U.S.-China trade relations

As part of its trade relations, the People’s Republic of China (PRC or China) is the world’s second largest economy, the top global trader of goods, and an important market for the United States.

In 2021, China was the fourth largest merchandise trading partner of the United States in total trade.

U.S. merchandise exports to China grew 21.4% to $151.1 billion in 2021.

At the same time, merchandise imports to the United States from China increased 16.5% to $506.4 billion.

With that, the U.S. recorded a bilateral U.S. merchandise trade deficit of $355.3 billion.

But U.S. companies face significant trade barriers, unfair practices and lack of reciprocity in key areas, according to a U.S. congressional analysis.

China’s state-driven economic, trade, investment and technology practices, and the challenges they pose to U.S. economic and technological leadership, concern many members of Congress.

The reasons they argue?
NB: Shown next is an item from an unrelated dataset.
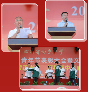 学校党委书记、校长杨明老师致辞。他首先代表学校党委、行政向青年朋友们致以节日的问候,向获奖的班级、个人以及新团员表示热烈的祝贺。他回顾了五四运动的光辉历史,介绍了我校建校100年来,一代又一代西中青年传承五四精神,满怀报国之志,在祖国建设和民族复兴的伟大征程中播洒青春、建功立业,成长为能影响中国未来的西中人的荣光。同时,他号召全校青年学生,要秉承激情澎湃的时代风范,无愧于这个伟大的时代! 要以执著的信念、优良的品德、丰富的知识、过硬的本领,勇敢地担负起历史重任!最后,大会主持人文志勇老师指出,五四的硝烟已散,但五四的薪火永传,希望大家在五四精神的感召下,追随文明、智慧的脚步,开启砥砺奋进,扬帆起航的新征程。

China continues to demand the transfer of critical U.S. capabilities to China to operate in strategic areas.

Trade relations

In addition, the analysis notes that many of China’s practices distort markets and undermine fair competition in China and around the world, as Chinese companies expand into areas that China restricts domestically.

It adds that China’s system blurs state and business interests, allowing the government to deploy trade tools (e.g., antidumping, antitrust, standards and procurement), economic coercion and espionage to favor its companies and promote China’s industrial and other policies.

On the one hand, according to the International Trade Commission (USITC), the top U.S. exports to China were soybeans ($14.1 billion), processors and controllers ($9.7 billion), and crude oil ($5.9 billion).

On the other hand, the top U.S. imports from China were laptops and tablets ($55.7 billion), cell phones ($48 billion), and wheeled and other toys ($14.6 billion).


In 2021, China was the sixth largest U.S. services trading partner. U.S. services exports to China fell 10.4% to $36.2 billion in 2021, while U.S. services imports from China grew 33.3% to $20.8 billion in 2021, resulting in a U.S. bilateral services trade surplus of $15.4 billion.

The top three U.S. services exports to China were intellectual property use charges ($9.1 billion), travel ($8.4 billion), and financial services ($4.6 billion).

Meanwhile, China’s top services imports were transportation ($8.5 billion), other business services ($8.2 billion), and financial services ($1.2 billion).